Before the shellcode will we able to locate or use any Windows APIs, the base address of kernel32.dll must be located. Thankfully there’s a trick for that that has been around for quite some time. The method Uses the Win32 Thread Information Block (TIB) to locate the Program Environment Block (PEB) to locate InInitializationOrderModuleList, which contains the base address of kernel32.dll as it’s second list entry.

32-Bit Version

I will begin by demonstrating how to locate Kernel32.dll’s base address in a 32-bit environment. As best as I can discern, from SK Chong’s 2001 Phrack article, this method was originally documented by researchers in “VX-zine”. I was unable to locate the original source. Since SK’s article is quite old, it is possible that the author’s name(s) is/are lost to time. If someone knows the original source, it would be interesting knowledge and I would happily update this article. This method will work on all versions of Windows. It is not NULL byte free but, we will handle that in a future blog post. The following code will locate the base address of Kernel32:

1
2
3
4
5
6
7
8
9
10
11
mov	eax,[fs:0x30]   ; Get the memory address of the PEB
                        ; structure and store it in EAX
mov	eax,[eax+0x0C]  ; Get the memory address of the PEB_LDR_DATA
                        ; structure and store it in EAX
mov	esi,[eax+0x1C]  ; Get the memory address of the first
                        ; LIST_ENTRY structure stored in the
                        ; InInitializationOrderModuleList and store
                        ; it in ESI
lodsd                   ; Loads the memory address of the second 
                        ; LIST_ENTRY structure
mov	ebx,[eax+0x08]  ; Save the base address of kernel32.dll in EBX
  1. The first MOV instruction saves the address of the PEB structure in EAX. Windows uses the FS register to store the address of the TIB structure, the address of the PEB structure is located at an offset of 0x30 bytes. To illustrate what is happening here, let us take a look at some screen clips of OllyDbg with an example program loaded.
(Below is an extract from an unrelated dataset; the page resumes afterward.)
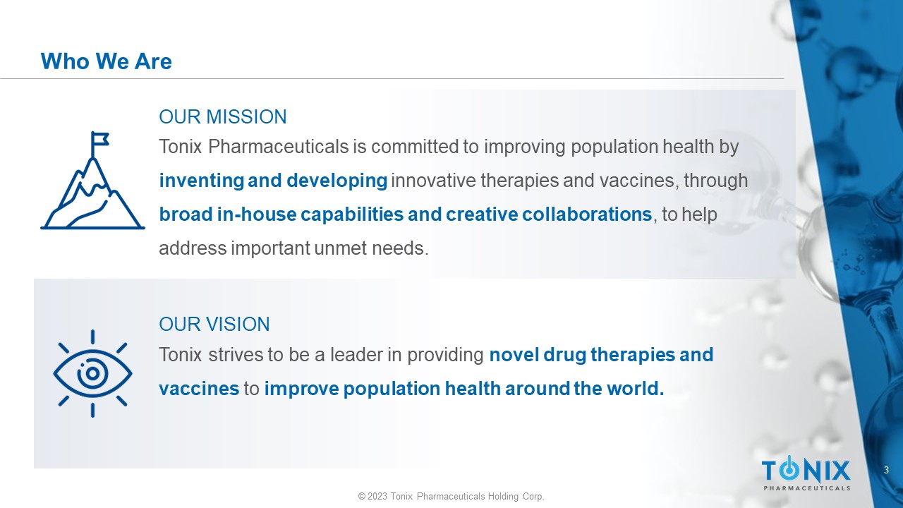 2 © 2023 Tonix Pharmaceuticals Holding Corp. Cautionary Note on Forward - Looking Statements Certain statements in this presentation regarding strategic plans, expectations and objectives for future operations or results are “forward - looking statements” as defined by the Private Securities Litigation Reform Act of 1995. These statements may be identified by the use of forward - looking words such as “anticipate,” “believe,” “forecast,” “estimate” and “intend,” among others. These forward - looking statements are based on Tonix’s current expectations and actual results could differ materially. There are a number of factors that could cause actual events to differ materially from those indicated by such forward - looking statements. These factors include, but are not limited to, the risks related to failure to obtain FDA clearances or approvals and noncompliance with FDA regulations; delays and uncertainties caused by the global COVID - 19 pandemic; risks related to the timing and progress of clinical development of our product candidates; our need for additional financing; uncertainties of patent protection and litigation; uncertainties of government or third party payor reimbursement; limited research and development efforts and dependence upon third parties; and substantial competition. As with any pharmaceutical under development, there are significant risks in the development, regulatory approval and commercialization of new products. The forward - looking statements in this presentation are made as of the date of this presentation, even if subsequently made available by Tonix on its website or otherwise. Tonix does not undertake an obligation to update or revise any forward - looking statement, except as required by law. Investors should read the risk factors set forth in the Annual Report on Form 10 - K for the year ended December 31, 2021, as filed with the Securities and Exchange Commission (the “SEC”) on March 14, 2022, and periodic reports and current reports filed with the SEC on or after the date thereof. All of Tonix's forward - looking statements are expressly qualified by all such risk factors and other cautionary statements.
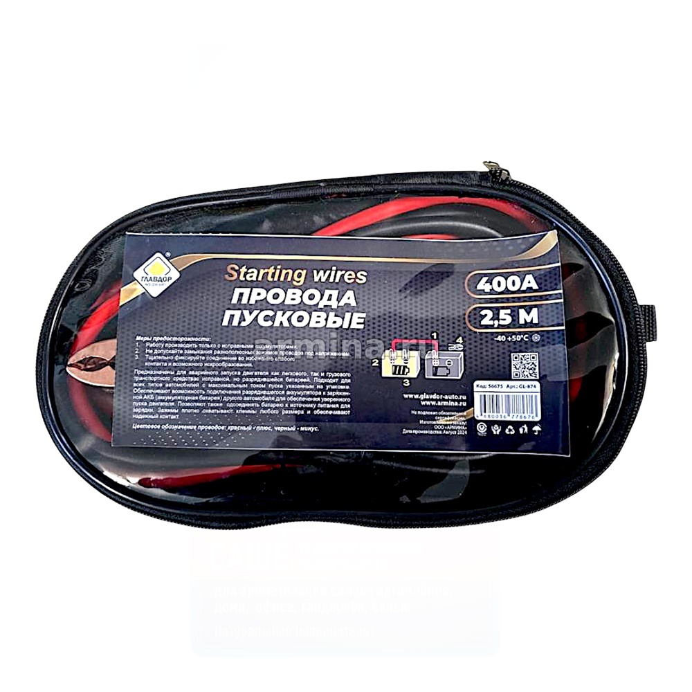 Провода пусковые 400А, 2,5 м, черная-красная обмотка, в сумке

    a. The FS Register contains the address 0x7FFDE000:

    Figure 1: FS Register Contains 0x7FFDE000

    Figure 1: FS Register Contains 0x7FFDE000

    b. If we look at that location in the memory dump, we can see that the address of the PEB is located at an offset of 0x30 (48 bytes), its value is 0x7FFDF000 in this example:

    Figure 2: PEB Address at Offset 0x30

    Figure 2: PEB Address at Offset 0x30

  2. The second MOV instruction saves the address of the PEB_LDR_DATA structure in EAX. The PEB_LDR_DATA structure is located at an offset of 0x0C bytes of the PEB structure, its value is 0x00341EA0 in this example:

    Figure 3: PEB_LDR_DATA Structure Address at Offset 0x0C

    Figure 3: PEB_LDR_DATA Structure Address at Offset 0x0C

  3. The third MOV instruction saves the address of the InInitializationOrderModuleList list in ESI. This list contains a list of the loaded modules. The first entry is ntdll.dll, the second is kernel32.dll, which is what we’re after. The first list entry address is at an offset of 0x1C (28 bytes), it’s value is 0x00341F58 in this example:

    Figure 4: The InInitializationOrderModuleList list Address at Offset 0xC1

    Figure 4: The InInitializationOrderModuleList list Address at Offset 0xC1

  4. The LODSD instruction increments ESI, which contains the address of the first module, by one so that it now points to the kernel32.dll entry and saves the address in EAX, its value is 0x00342020 in this example:

    Figure 5: The LOSD Instruction Increments ESI to Point to the Next List Entry

    Figure 5: The LOSD Instruction Increments ESI to Point to the Next List Entry

  5. The final MOV instruction saves the base address of kernel32.dll in EBX. At an offset of 0x08 (8 bytes) from that location is where the base address of kernel32.dll is located, its value is 0x7C800000 in this example:

    Figure 6: The Base Address of Kernel32.dll Located at Offset 0x08

    Figure 6: The Base Address of Kernel32.dll Located at Offset 0x08

64-Bit Version

Now, on to try the same thing on a 64-bit system. As I did in the first blog post, I will try the 32-bit code first to see if it works. Immediately, there is a problem:

Figure 7: fs:[0x30] is Invalid

Figure 7: fs:[0x30] is Invalid

The fs:[0x30] value points to unknown memory, which is not going to help us. After referring to the Win32 Thread Information Block (TIB, a.k.a Thread Environment Block (TEB)) information on Wikipedia, it appears that on 64-bit systems the Process Environment Block (PEB) is located at gs:[0x60] instead. Before we go any further, let’s see what else has changed. I decided to switch over to WinDBG to explore a little more.

Examining the TIB(TEB) Structure

In WinDBG lets get the base address of the TEB using the !teb command:

Figure 7: Finding the Base Address of the TEB

Figure 8: Finding the Base Address of the TEB

Next, using the base address we can examine the TEB structure with the following command:

dt _TEB 000007fffffde000

We can confirm that the PEB structure is located at an offset of 0x60.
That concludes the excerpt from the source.